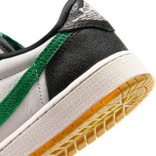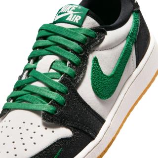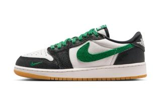 The Air Jordan 1 Low OG “Phantom & Pine Green” pairs soft, off-white leather uppers with textured black overlays, giving the base a bit more depth than your standard smooth build. From there, Pine Green cuts through the design via the oversized Swoosh, laces, and branding, bringing a sharp contrast that keeps the palette from feeling flat. A gum outsole underfoot rounds things out, adding a subtle vintage touch that ties everything together.
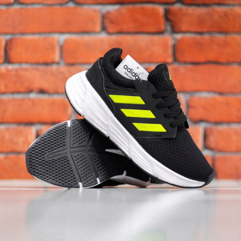 Sepatu Running Pria Wanita Adidas Galaxy 6 M Core Black Solar Yellow Carbon | Sepatu Olahraga | Sneakers | Best Seller
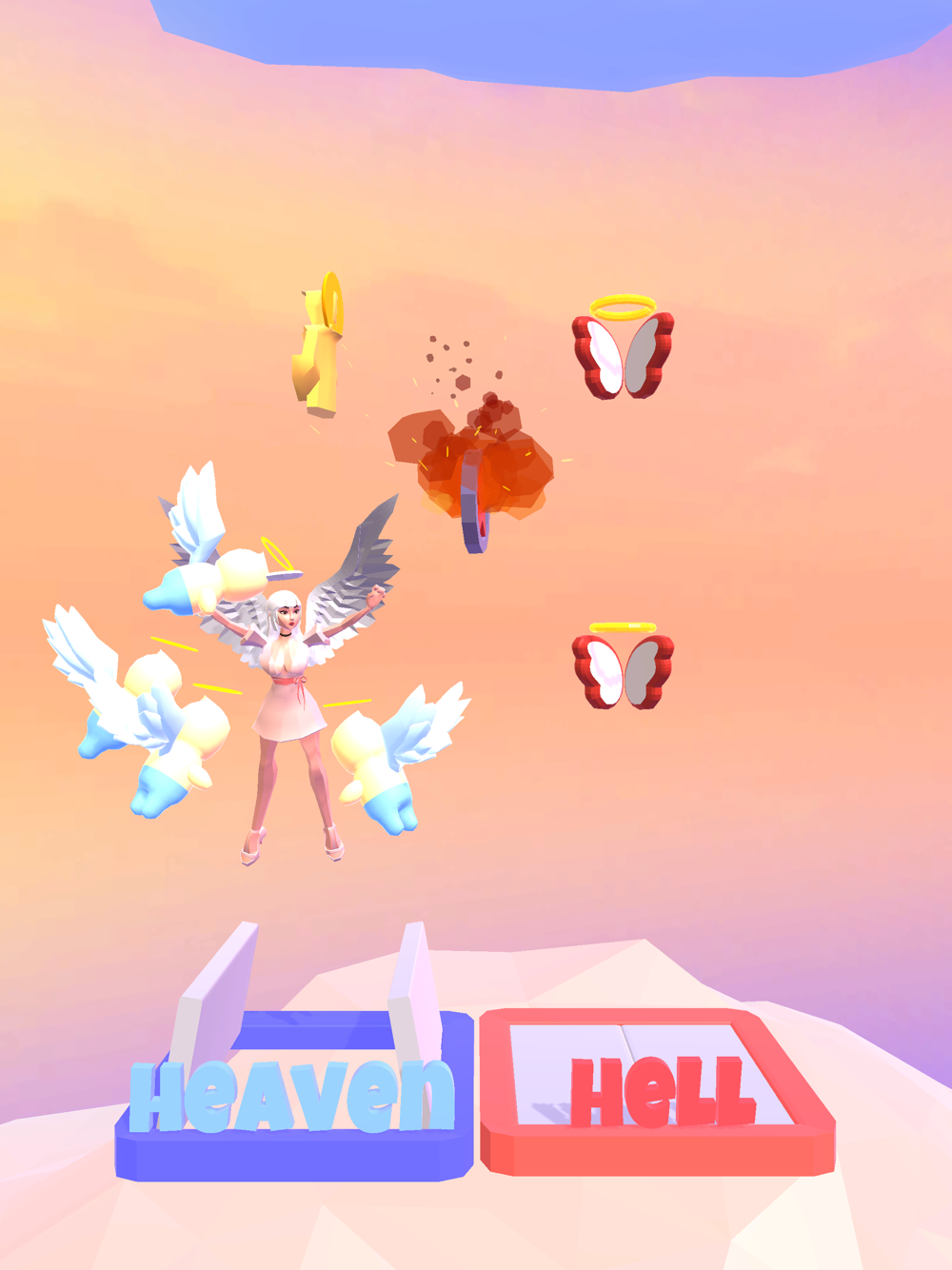 Catch the correct collectibles while going up to become an angel and reach heaven.
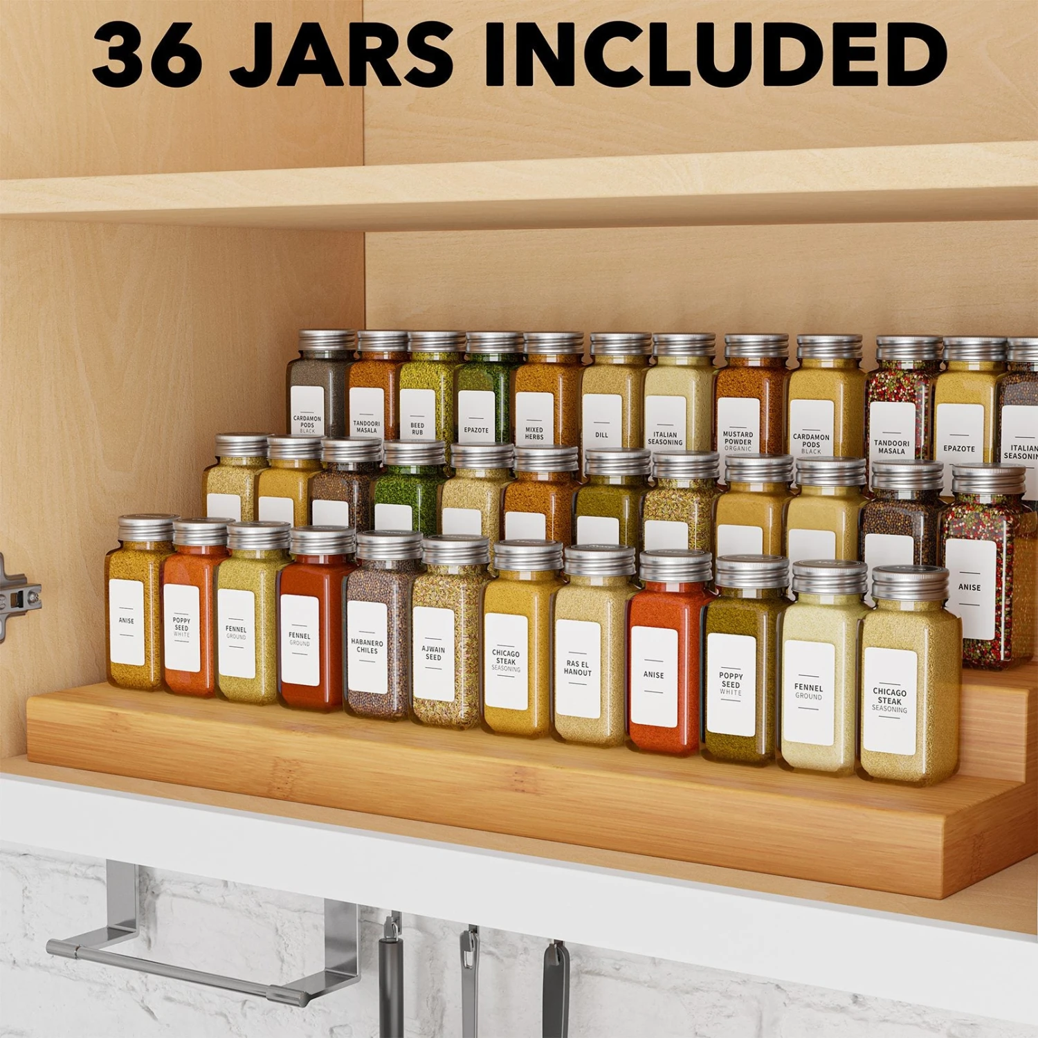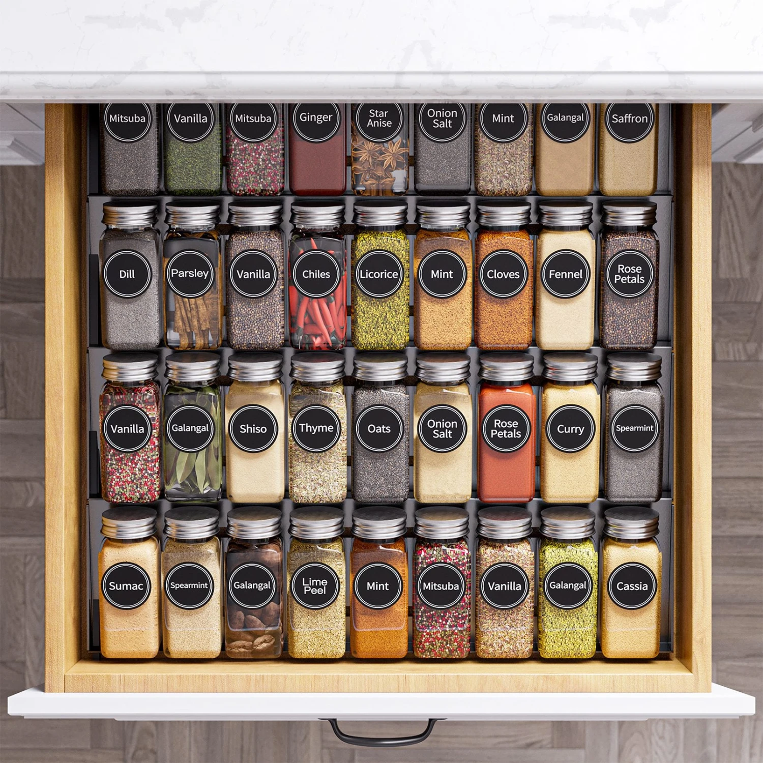 SpaceAid Spice Organizer For Drawer With 36 Spice Jars, 386 Spice Labels And Chalk Marker, 4 Tier
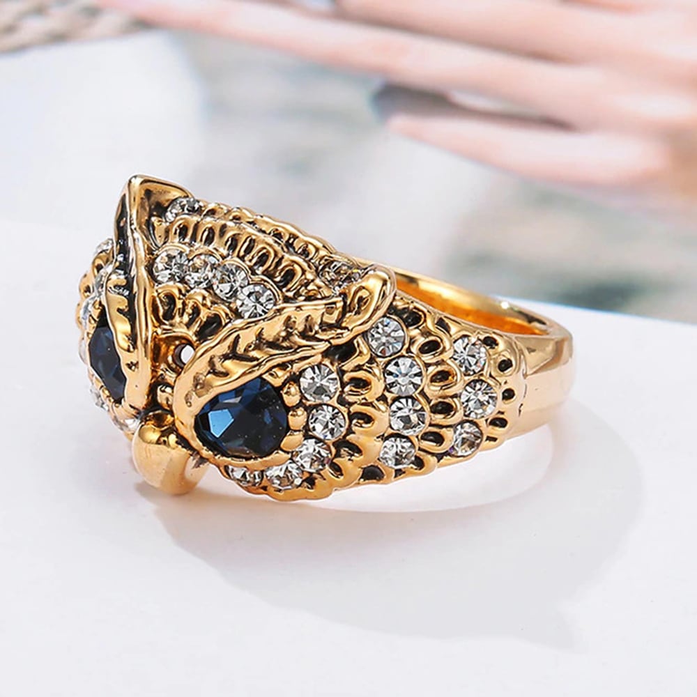 リング 指輪 梟 ジルコニア ゴールド ブルーアイ ふくろう フクロウ 不苦労 お守り 動物 CZ CZダイヤ きらきら レディース
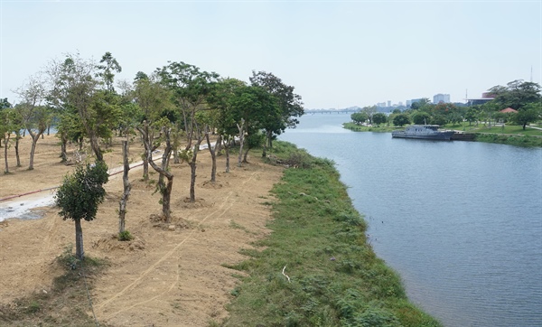 Khu vực bờ Đông cồn Dã Viên đang được chỉnh trang thành công viên văn hóa phục vụ cộng đồng (trong ảnh là hai mặt giáp sông Hương)
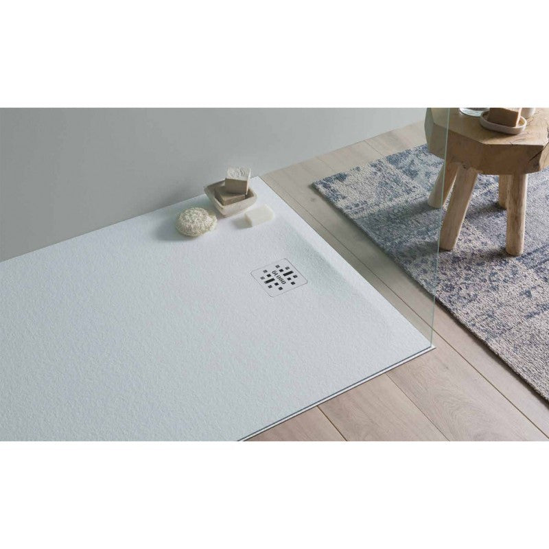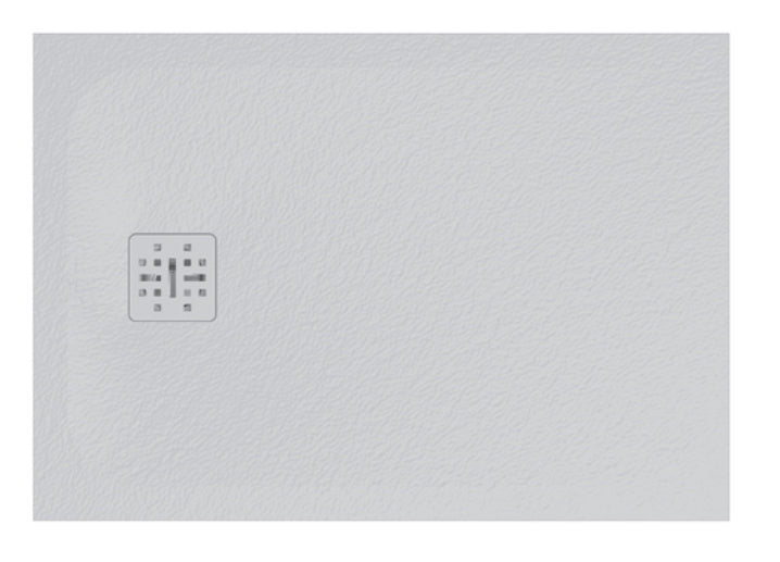 Globo DOCCIAPIETRA Piatto doccia 100x70 reversibile in mineralsolid bianco per Installazione da appoggio o filo pavimento con piletta di scarico e copripiletta in acciaio verniciato inclusa in tinta con il piatto doccia.
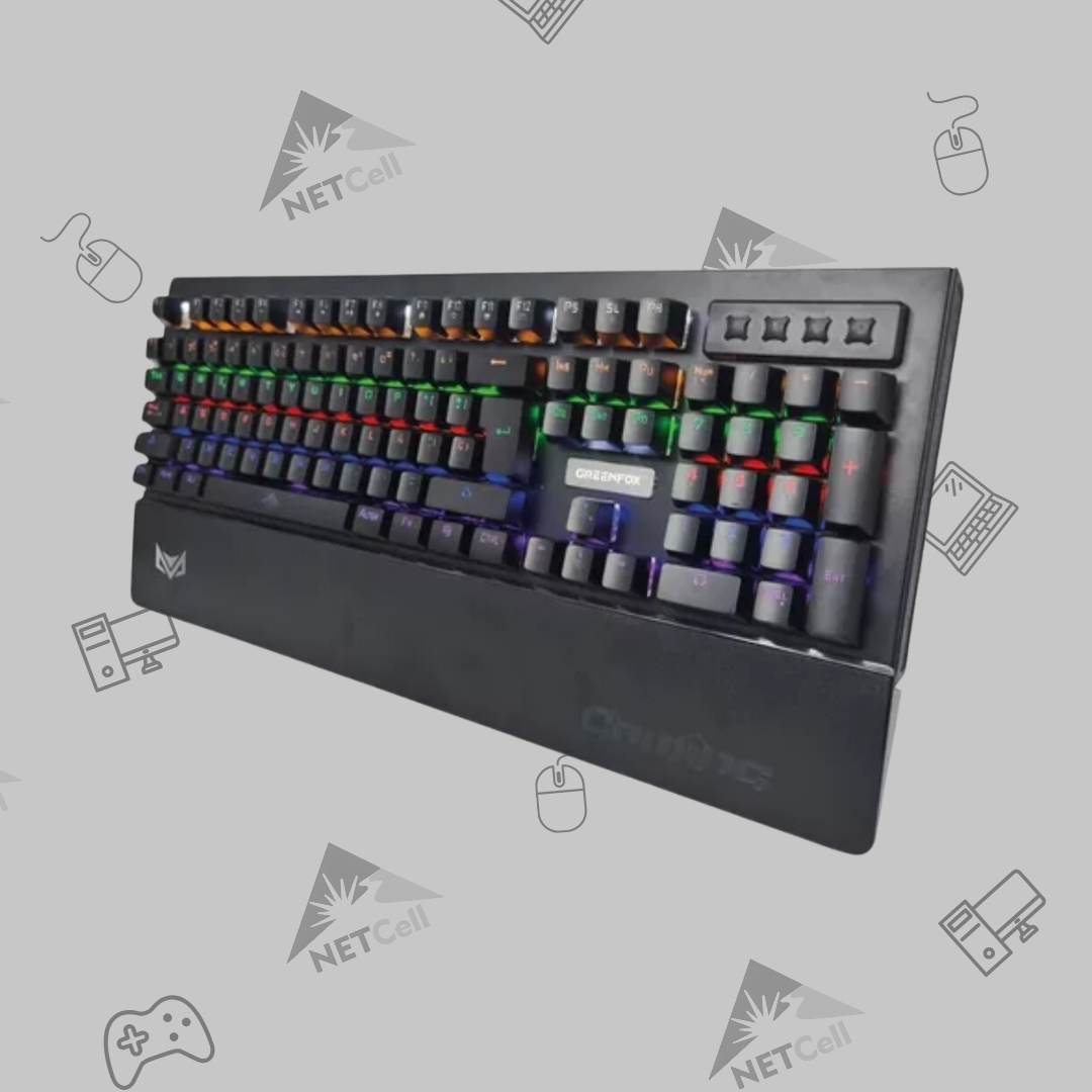 Teclado mecánico Greenfox GFK1300 con retroiluminación LED, teclas duraderas y precisas, multimedia integrada y diseño ergonómico para gamers exigentes.
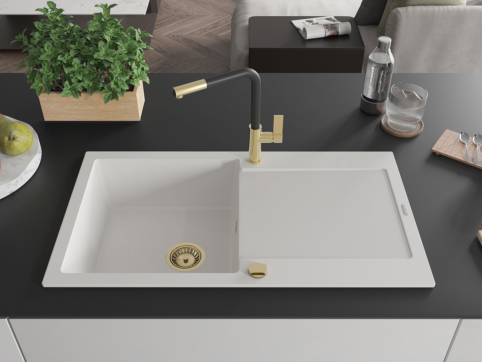 Мивката е направена от висококачествен гранит. Това е елегантно и най -вече практично допълнение към всяка кухня, независимо от нейния стил. Висококачествената и гранитна издръжливост осигуряват много години употреба.
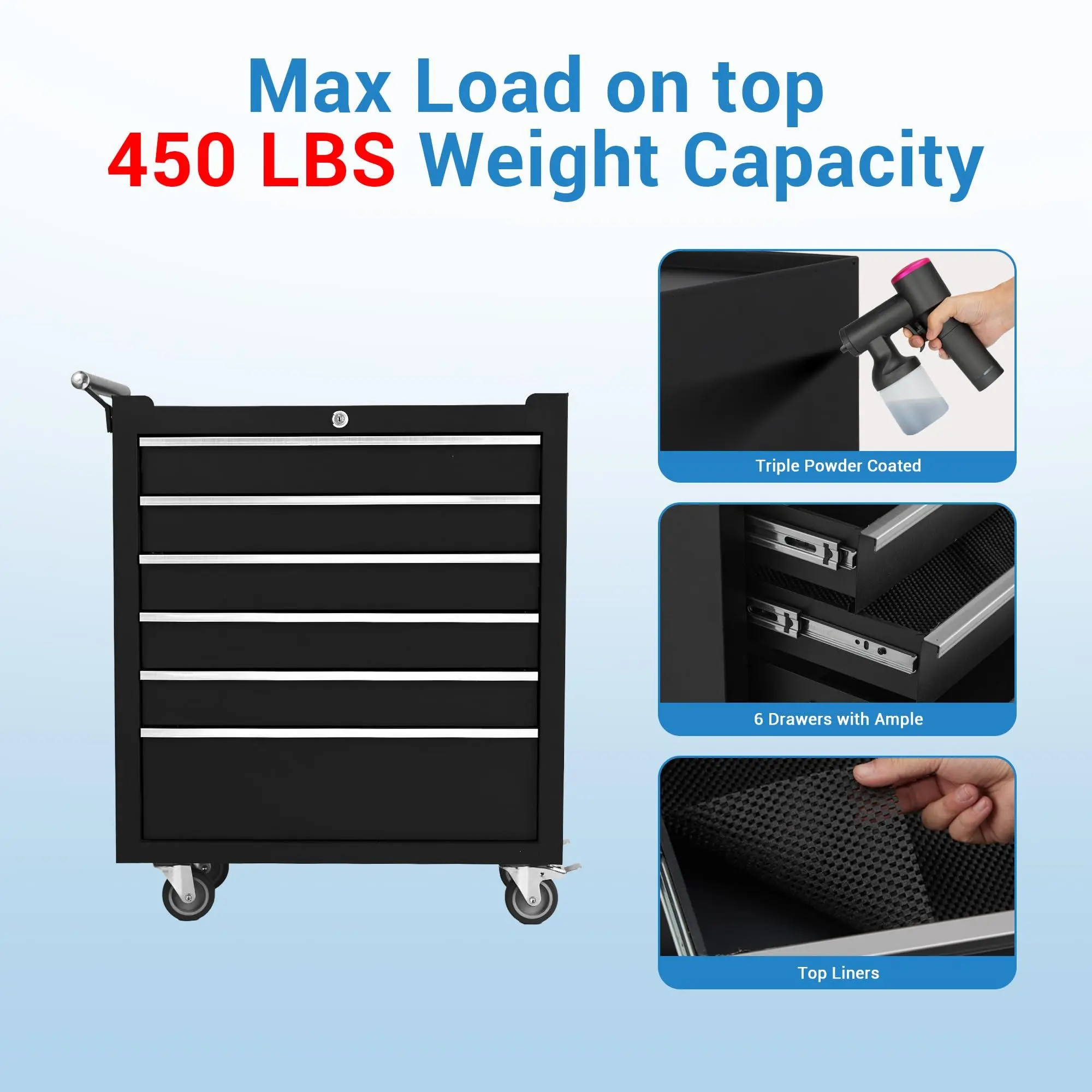 【Durable Steel Construction】 Constructed from high-quality steel with a powder-coated finish, this 24-inch rolling tool chest with 6-drawers offers long-lasting durability and a smooth, easy-to-clean surface that maintains its appearance over time.

========

### EXERCISE AIM
Exact copy, pictures removed: set down the whole listing above.

### WRITTEN RESPONSE
 The Air Jordan 1 Low OG “Phantom & Pine Green” pairs soft, off-white leather uppers with textured black overlays, giving the base a bit more depth than your standard smooth build. From there, Pine Green cuts through the design via the oversized Swoosh, laces, and branding, bringing a sharp contrast that keeps the palette from feeling flat. A gum outsole underfoot rounds things out, adding a subtle vintage touch that ties everything together.
 Sepatu Running Pria Wanita Adidas Galaxy 6 M Core Black Solar Yellow Carbon | Sepatu Olahraga | Sneakers | Best Seller
 Catch the correct collectibles while going up to become an angel and reach heaven.
 SpaceAid Spice Organizer For Drawer With 36 Spice Jars, 386 Spice Labels And Chalk Marker, 4 Tier
 リング 指輪 梟 ジルコニア ゴールド ブルーアイ ふくろう フクロウ 不苦労 お守り 動物 CZ CZダイヤ きらきら レディース
 Khu vực bờ Đông cồn Dã Viên đang được chỉnh trang thành công viên văn hóa phục vụ cộng đồng (trong ảnh là hai mặt giáp sông Hương)
 Globo DOCCIAPIETRA Piatto doccia 100x70 reversibile in mineralsolid bianco per Installazione da appoggio o filo pavimento con piletta di scarico e copripiletta in acciaio verniciato inclusa in tinta con il piatto doccia.
 Teclado mecánico Greenfox GFK1300 con retroiluminación LED, teclas duraderas y precisas, multimedia integrada y diseño ergonómico para gamers exigentes.
 Мивката е направена от висококачествен гранит. Това е елегантно и най -вече практично допълнение към всяка кухня, независимо от нейния стил. Висококачествената и гранитна издръжливост осигуряват много години употреба.
 【Durable Steel Construction】 Constructed from high-quality steel with a powder-coated finish, this 24-inch rolling tool chest with 6-drawers offers long-lasting durability and a smooth, easy-to-clean surface that maintains its appearance over time.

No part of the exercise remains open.